The car will combine a transverse engine layout with flexible steering and suspension offers. The Q3 will borrow many Golf Mk5, or possibly Golf Mk6, components, such as a Direct-Shift Gearbox (DSG) dual clutch transmission and a 155 kW (208 hp) 2.0 FSI turbo engine featured in the current Golf GTI. The car should also feature a 171 kW (229 hp) 3.0 turbo-diesel V6 & a 210 kW (282 hp) 3.6 FSI V6 for the flagship, the Q3S.
While the car should be available in both front-wheel drive (FWD), and quattro "on-demand" four-wheel drive variants, there will be no height-adjustable suspension, lockable differentials or low-range gearing. Instead, the car will feature larger wheels and a sports suspension.
The car has been approved due to the declining sales large SUVs are currently experiencing, and the public's healthier appetite for smaller crossovers. The company is targeting niche markets to reach its ambitious sales targets, and the Q3 is part of these plans. The production name will undergo change from "Q3" to another name as an agreement with carmaker Infiniti stipulates. Various Audi concept cars have debuted with the name "Cross Coupe" and this name is a possibility for the production Q3.

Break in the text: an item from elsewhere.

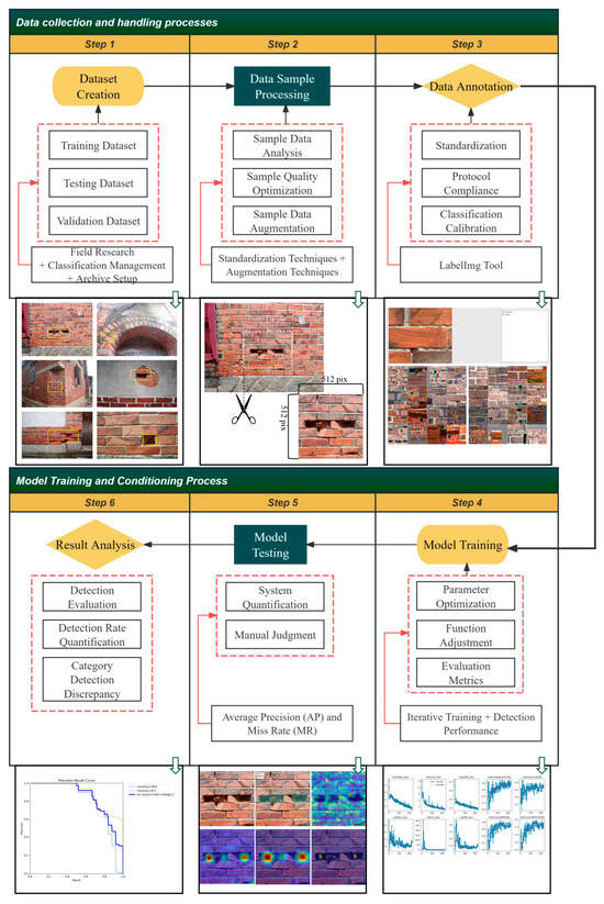 Unlike traditional methods that rely on manual on-site measurement, assessment, and judgment of red brick damage (Figure 7), this study primarily proposes a machine learning method that combines a computer vision model based on YOLOv12 with the protection of architectural heritage (materials). Through model iteration training, type testing, and application, many wall samples can be detected in a short period. This method can objectively, efficiently, and accurately define and classify the types of damage on brick surfaces, as well as quickly identify and locate them, which helps to promptly implement targeted repair measures. Additionally, the data obtained through this method can better assist researchers in conducting an in-depth exploration of red brick building materials. However, this method must be implemented under strict and standardized procedures to achieve high precision and widespread application. The main process consists of six steps (Figure 8).

Audi is producing the Q3 in Martorell (near Barcelona, Spain), a plant founded in 1993 and owned by SEAT, Volkswagen Group's Spanish subsidiary which in 1998 had been awarded as the "Best Factory of the VW Group in the first quarter". The first cars rolled out of the production lines in June 2011 while the decision to produce the Q3 to this plant shall give Audi the ability to produce around 100,000 units per year, with the cost of moving there for production rising to approximately €300 million.